Now I mentioned, we talked a little bit earlier about packets in passing, and at that point I defined a packet as a collection of frames that go together. I want to strengthen that definition a little bit here and define a packet to be the smallest indivisible unit of a data format. That is to say you can't really break that data format down into pieces smaller than a packet.
Now from that definition you can pretty much see why the number of frames per packet in a linear PCM format is always going to be one. Because that's the smaller unit at which you can break a linear PCM stream up with. Now there are basically three kinds of packetizations that you're going to run into with various data formats.
Now the first is constant bit rate. Now in a constant bit rate format each packet is going to have both the same number of frames and it's going to occupy the same number of bytes in memory for each packet. Now the most common constant bit rate packet format is linear PCM. You know, linear PCM you always knows how big a packet's going to be by the definition of the format.
Now the next packetization you're going to run into is what we call variable bit rate. Now in a variable bit rate packetization, each packet will have the same number of frames in it, but the number of bytes that the packet will occupy will vary from packet to packet.
In fact, the variable bit rate packetization scheme is flexible enough and useful enough that it's used in most, if not all, of the modern codecs that we use on the system, such as AAC, Apple Lossless, MPEG1 Layer 3, etcetera. Most of your common formats these days are, in fact, variable bit rate in nature.
Now the final packetization type I want to talk about is variable frame rate. Now variable frame rate packetization has, each packet in this format will have a different, potentially a different number of frames and it will potentially occupy a different number of bytes in memory. Now this is a very generalized packet scheme and the only commonly used codec that you're going to find that uses this style of packetization is the Ogg Vorbis codec.
Now in the Core Audio APIs we use the structure audio stream packet description in order to identify a packet in memory. But it's very unusual to run into an audio stream packet description on its own. More likely you're going to run into them in the form of an array of packet descriptions that are used to describe how another buffer of memory is broken up into packets.
Now packet descriptions are absolutely required when you're dealing with a variable bit rate format or a variable frame rate format. And the reason should be obvious, when you see them in memory there's no way to know where one packet begins and the next packet ends without having a packet description that tells you this information. Now at the bottom of this slide you can see the declaration of the audio stream packet description structure. It has a field that has a byte offset for the start of the packet.
It has a field to indicate how many frames are in shit packet. Now this field is going to be set to zero except for variable frame rate packetization formats, in which case they'll be set to the number of frames that are in that particular packet. And finally the audio stream packet description also has a field for how many bytes the packet occupies in memory. Now one interesting property that this definition of a packet description gives you is that it allows you to describe a buffer of memory where the audio packets might be intermingled with other data, such as ID3 tags or video frames or what have you.

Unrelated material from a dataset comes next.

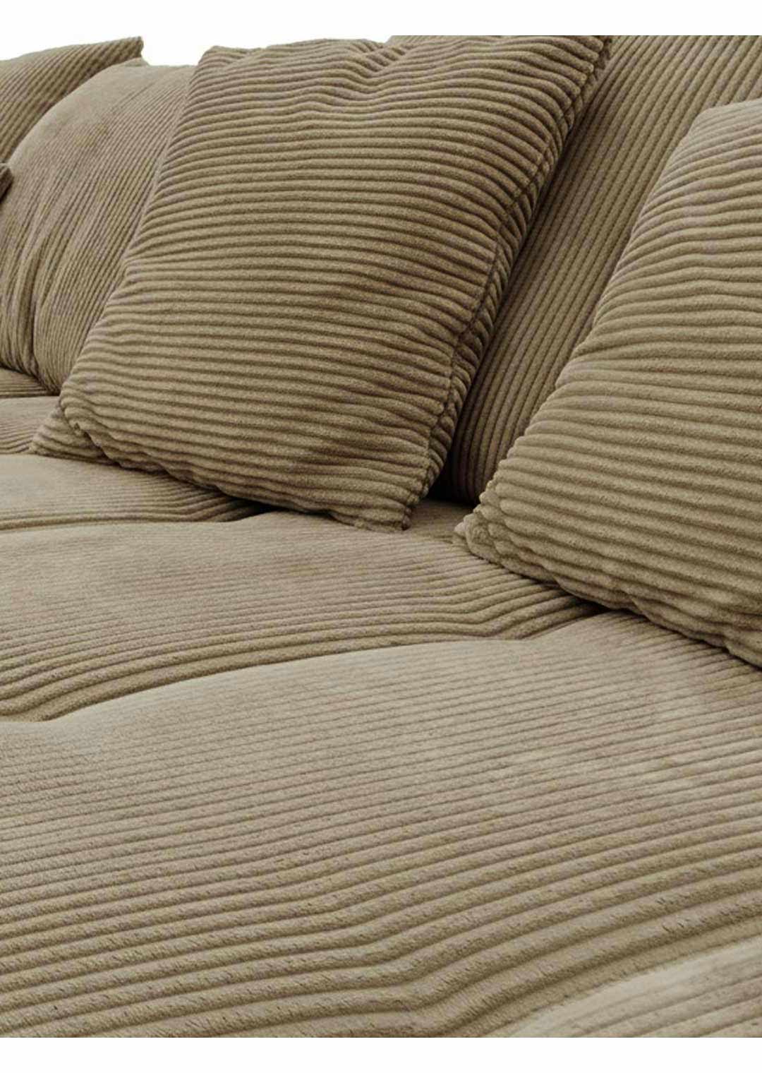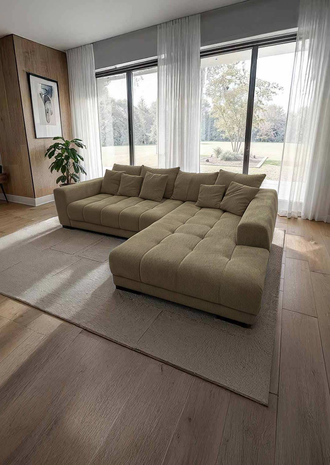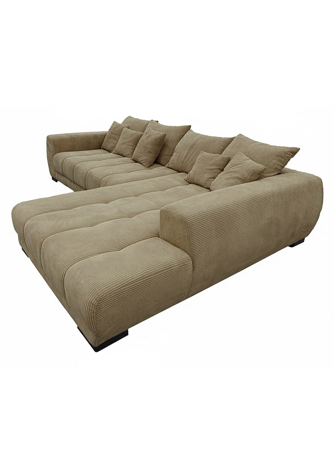 Die großzügigen Proportionen von ca. 300 x 215 cm bieten reichlich Platz, um sich auszubreiten und die Lieblingsposition zu finden - sei es beim Lesen eines Buches, beim Entspannen vor dem Fernseher oder beim Nickerchen am Nachmittag. Dabei unterstützt die Polsterung aus Nosagunterfederung auf Polyätherschaum Ihren Körper beim Sitzen oder Liegen optimal. Die insgesamt 9 Kissen, die im Angebot bereits enthalten sind, verstärken den kuschligen Look noch zusätzlich. Egal, ob alleine oder in Gesellschaft - das Ecksofa ARTEMIS ist der perfekte Ort, um sich zu entspannen, den Alltag hinter sich zu lassen und sich rundum wohl zu fühlen.

Now to wrap up the first part of this talk, I'd like to talk a little bit about how you'll go about filling out an ASBD, because from what I've said so far, you're probably looking to go wow. You kind of have to know something about the format you're dealing with in order to fill out the ASBD. And in some cases that's true, but there are some techniques you can use that can help you out and kind of lift some of the burden of filling the ASBD out.
Now the first technique to use should be pretty obvious. Just use the ASBDs that the Core Audio APIs hand to you. Every Core Audio API uses an audio stream basic description to describe the data that it wants and the data it produces. So you should feel free to just ask the APIs your interacting with to fill out your ASBDs for you.
Now in some cases you're still going to have to fill them out by hand and the APIs you're using aren't going to be able to help you much. In that case, we do have another API, the audio format API, which can help you still fill out an ASBD, provided that you have some other bits of information to help it out.
Now the audio format API is just a collection of global properties and its purpose is there to give you kind of a handle on what formats, in terms of encoders and decoders are installed on the system, as well as other bits of information about the encoders and decoders, such as the name of the format, and a bunch of other things. But there are also properties there that will help, that will fill out an ASBD for you when all you happen to have is the format ID of the format and a magic cookie.
Now the final technique I wanted to mention kind of in passing, is to use the CA stream basic description class. Now the CA stream basic description is part of the Core Audio SDK. As such, you'll find it in the developer examples folder on your install right now. And even though it is C++ code, and if you're uncomfortable with C++, I really advice you to take a look at the code anyway and even if you're not going to use it directly, there's probably a lot of good information in that code that you can make use of in your own code.
Even to the point of just copying and pasting to where ever you need it, as are all of the SDK codes. They're really there to help you, even if they are in C++. I do encourage you to at least take a look at them and be familiar with how they work. Wrong way.
So that kind of wraps up the first part of the talk where I've been kind of talking in generalities about the Core Audio APIs. Here for the second part of this talk, I'd like to move more into some concrete examples of doing something and through that introduce you to several of the more commonly used Core Audio APIs.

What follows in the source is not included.